> **EXERCISE DESCRIPTION**
Locate, in the data below, the line that contains "western Washington |" and the line that contains "Guida scorrevole in"; reproduce exactly those two lines and every line between them, nothing more.

> **Collected data**
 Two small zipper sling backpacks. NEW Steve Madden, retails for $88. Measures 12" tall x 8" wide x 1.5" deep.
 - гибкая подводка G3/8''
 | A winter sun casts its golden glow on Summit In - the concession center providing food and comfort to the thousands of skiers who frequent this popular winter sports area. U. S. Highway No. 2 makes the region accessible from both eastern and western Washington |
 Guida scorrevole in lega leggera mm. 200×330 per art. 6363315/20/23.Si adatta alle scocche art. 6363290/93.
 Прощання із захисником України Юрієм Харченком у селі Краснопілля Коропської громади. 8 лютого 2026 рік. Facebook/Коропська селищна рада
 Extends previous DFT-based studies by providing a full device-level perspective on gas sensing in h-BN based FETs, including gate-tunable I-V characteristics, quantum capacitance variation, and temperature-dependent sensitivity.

--

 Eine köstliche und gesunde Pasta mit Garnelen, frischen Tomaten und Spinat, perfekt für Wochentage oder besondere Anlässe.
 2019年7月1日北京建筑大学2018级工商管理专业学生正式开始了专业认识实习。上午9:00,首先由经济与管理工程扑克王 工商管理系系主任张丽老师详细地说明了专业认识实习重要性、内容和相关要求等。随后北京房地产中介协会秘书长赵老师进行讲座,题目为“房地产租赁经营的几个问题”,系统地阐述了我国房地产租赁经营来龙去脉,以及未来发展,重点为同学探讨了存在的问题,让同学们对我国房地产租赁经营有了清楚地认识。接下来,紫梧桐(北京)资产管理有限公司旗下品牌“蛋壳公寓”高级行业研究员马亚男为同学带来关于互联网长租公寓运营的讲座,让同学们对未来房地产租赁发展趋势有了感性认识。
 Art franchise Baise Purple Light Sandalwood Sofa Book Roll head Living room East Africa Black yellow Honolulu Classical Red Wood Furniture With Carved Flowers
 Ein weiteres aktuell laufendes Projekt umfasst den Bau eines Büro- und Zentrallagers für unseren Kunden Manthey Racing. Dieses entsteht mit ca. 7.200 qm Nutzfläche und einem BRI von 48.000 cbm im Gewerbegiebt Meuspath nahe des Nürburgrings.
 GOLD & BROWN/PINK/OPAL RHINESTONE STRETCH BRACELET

> **EXERCISE SOLUTION**
 | A winter sun casts its golden glow on Summit In - the concession center providing food and comfort to the thousands of skiers who frequent this popular winter sports area. U. S. Highway No. 2 makes the region accessible from both eastern and western Washington |
 Guida scorrevole in lega leggera mm. 200×330 per art. 6363315/20/23.Si adatta alle scocche art. 6363290/93.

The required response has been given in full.